As I reflect on all that God has done for me...this beautiful hymn comes to mind. I pray the words will minister to your heart and you will know God's peace today and always.

Wednesday, March 18, 2009

2 Corinthians 12:9 But he said to me, "My grace is sufficient for you, for my power is made perfect in weakness." Therefore I will boast all the more gladly of my weaknesses, so that the power of Christ may rest upon me.

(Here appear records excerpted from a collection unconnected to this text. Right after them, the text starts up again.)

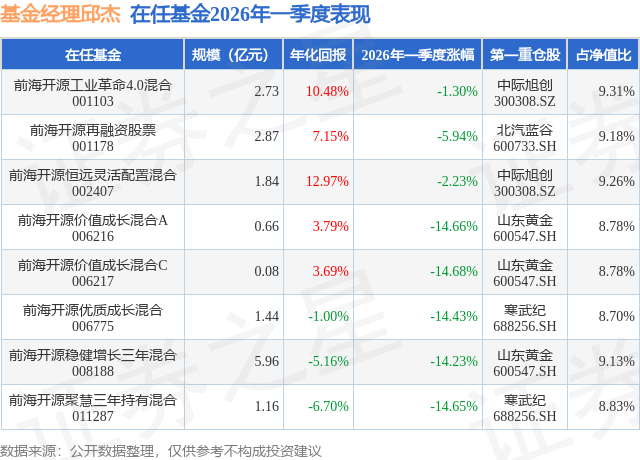 证券之星消息,日前前海开源价值成长混合C基金公布一季报,2026年一季度最新规模0.08亿元,季度净值涨幅为-14.68%。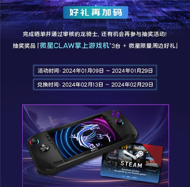 本次CES发布的新品,1月9日陆续开卖。微星还打造了玩家专属的购机、晒单、好评有礼活动,不仅至高可以获得350元的Steam Code代金券,涉及多个系列机型,而且只要通过活动审核的龙骑士,还有机会参与微星Claw掌上游戏机和微星限量周边好礼的抽奖活动,简直是极具诱惑力。当然,活动时间在此提醒下,是2024年1月9日至2024年1月29日,玩家们千万不要错过哟,赶快行动起来吧!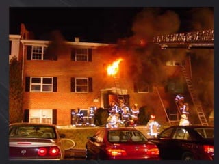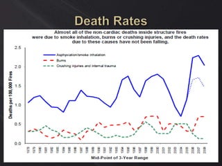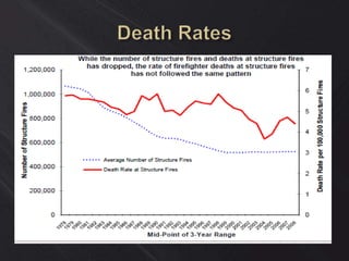 The document outlines the increasing death and injury rates of firefighters during structure fires, detailing key statistics and case studies from various incidents. It discusses issues such as asphyxiation, rapid fire growth, and the need for better equipment and operational strategies to enhance firefighter safety. Recommendations are provided for improving training, communications, and standard operating procedures to mitigate these risks.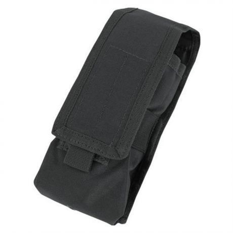 The Condor Radio Pouch is built to securely hold larger tactical radios with space for the antenna, ear bud and microphone. Two fixed straps on the back allow this pouch to easily mount onto MOLLE platforms, working perfectly for securing devices while out in the field. A snap closure as well as hook and loop fastenings keep your equipment secured.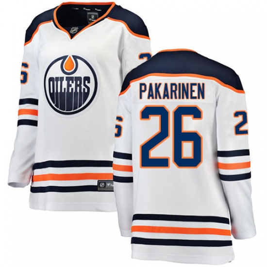Home>NHL>Edmonton Oilers>Iiro Pakarinen>Women's Edmonton Oilers #26 Iiro Pakarinen Authentic White Away Fanatics Branded Breakaway NHL Jersey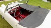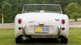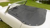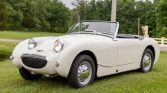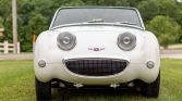 This 1959 Austin-Healey Bugeye Sprite was acquired by the seller in 2014 and was subsequently refurbished and modified. Work reportedly consisted of media blasting and rust repair, a repaint in white, an interior refresh, and overhauls of the suspension and brakes. The car is powered by a replacement 1,275cc inline-four paired with a four-speed manual transmission, and equipment includes front disc brakes, 13″ steel wheels with chrome center caps, a front-hinged hood, rear bumperettes, and a black tonneau cover.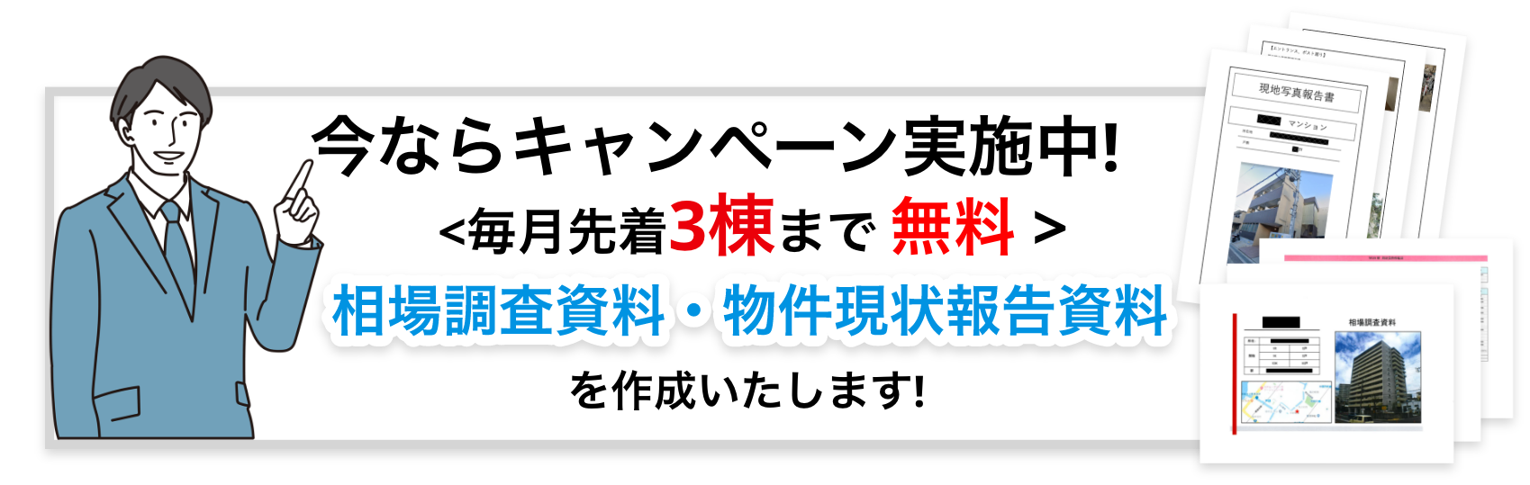 毎月3棟まで無料で相場調査資料・物件現状報告資料を作成いたします!

Olive Wyon, in her book Consider Him, quotes a story from the letters St. Francis of Sales. St. Francis has ntoiced a custom of the country districts in which he lived. He had often noticed a farm servant going across a framyard to draw water at the well; he also noticed that, before she lifted the brimming pail, the girl always put a piece of wood into it. One day he went out to the girl and asked her, "Why do you do that? " She looked surprised and answered, as if it were a matter of course, "Why? to keep the water from spilling...to keep it steady!" Writing to a friend later on, the bishop told this story and added: So when your heart is distressed and agitated, put the Cross into its centre to keep it steady!" In every time of storm and stress, the presence of Jesus and the love which flows from the Cross bring peace and serenity and calm.

As we walk the road to Calvary, with Jesus, during this Lenten season. Remember Jesus already walked this road before you. He carried all of your burdens, sorrows, sins, and pain. Let His peace, the peace that surpasses all human understanding fill your heart on mind today and always.




Monday, March 16, 2009

Psalm 118
His Steadfast Love Endures Forever

1 Oh give thanks to the LORD, for he is good;
for his steadfast love endures forever!

2 Let Israel say,
"His steadfast love endures forever."
3 Let the house of Aaron say,
"His steadfast love endures forever."
4 Let those who fear the LORD say,
"His steadfast love endures forever."

5 Out of my distress I called on the LORD;
the LORD answered me and set me free.
6 The LORD is on my side; I will not fear.
What can man do to me?
7 The LORD is on my side as my helper;
I shall look in triumph on those who hate me.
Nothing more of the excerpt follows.